Stored entries.
<<<<

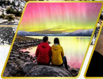
ตามล่าหาแสงใต้
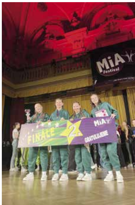
Z republikového finále soutěže Mia Festival

Více o dalším mimořádném úspěchu děvčat z DDM Tereza Koutenská: „Do finále v Národním domě na Vyno-
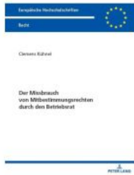
Der Missbrauch von Mitbestimmungsrechten durch den Betriebsrat Ladenpreis: 41,10EUR
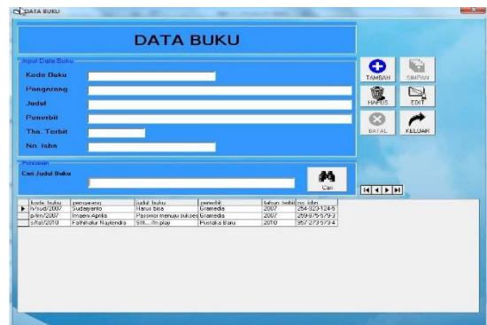
Gambar 5. Tampilan Form Data Buku

>>>>

EXERCISE BRIEF. Extract precisely the lines beginning at the line containing "Více o dalším" and ending at the last line of the entries above, exactly as written and with no pictures.

COMPLETED EXERCISE.
Více o dalším mimořádném úspěchu děvčat z DDM Tereza Koutenská: „Do finále v Národním domě na Vyno-
Der Missbrauch von Mitbestimmungsrechten durch den Betriebsrat Ladenpreis: 41,10EUR
Gambar 5. Tampilan Form Data Buku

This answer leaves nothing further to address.